I have a lot to think about before I make my decision.  There is still information I need.  I have to finish off my application process.  I have to see about financial aid.  There is a lot to do and what if after all this work I don’t get accepted or get the money needed?  Will I be disappointed?  Am I crazy?

School or not

Recently I was wandering through a college catalog looking for information for my daughter.  Now I’ve wandered through college catalogs a lot.  I almost always look at what classes are offered in English and Writing.  I look, I dream, I move on. 

However, I’m working at the University now.  I looked at the classes for a degree or two.  These sounded interesting.  There is a big part of me that says, “What are you thinking?  You are too old, fat, settled, poor… and a whole lot more to go back to school.”

Then there is that other voice – you know the one – the one that says I double dare you.  Well of course you can’t pass up a double dare.  So being an intelligent researcher – I start looking at the requirements.  Now this is my alma mater so I did my first degree there.  I looked around and there really are a number of classes I would like to take but one class is nearly $1000.  But they have a creative writing, poetry, fiction, screen writer classes that all sound very interesting.

All of this looking and thinking brought up a lot of questions.  I don’t like not knowing stuff.  It frustrates me.  I talked to people and have all this information floating around in my head.  My first degree would allow me to go back and get a second major without having to do anything more than take the classes I want.  However, no financial aid would be available to me. 
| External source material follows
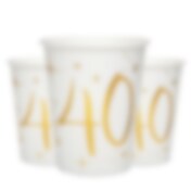 Pappbecher Weiß & Gold 40. Geburtstag, 10er-Pack
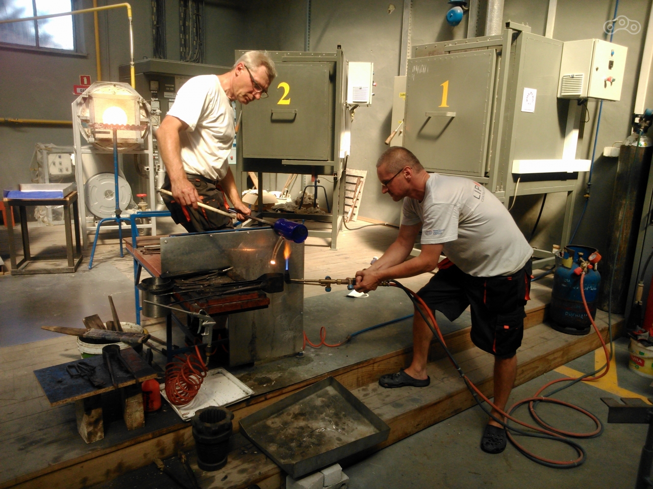 Это реально действующая фабрика с возможностью доступа на производство. Трое мастеров легко и просто изготавливают произведения искусства из стекла. Не смотря на языковой барьер мы очень хорошо пообщались, я успел получить производственную травму, зато мне дали выдуть из стекольной массы шар. Шар получился хреновым: в процессе дутья стекло охлаждается и силу наддува нужно увеличивать.

If I decide to get a BA or BS then I could get financial aid.  However, I would either have to take a lab science class (yuck) or a year of languages (double yuck).  I’m not good at any of them.  Zoology I got a B and German I got a D.  My mind is saying nope – shouldn’t do this.

Yet the email with all the information sits in my inbox and I can’t delete it.  Do I want to be the oldest student in the classes?  Do I want to deal with a bunch of teenagers in these classes?  Do I want to hassle with tiny little desks?   Do I want to add another degree to my resume?  Would it still leave me time to write?  Will it help me to get published?  This definitely bears thinking about.  I guess that is the stage I’m at – thinking about it.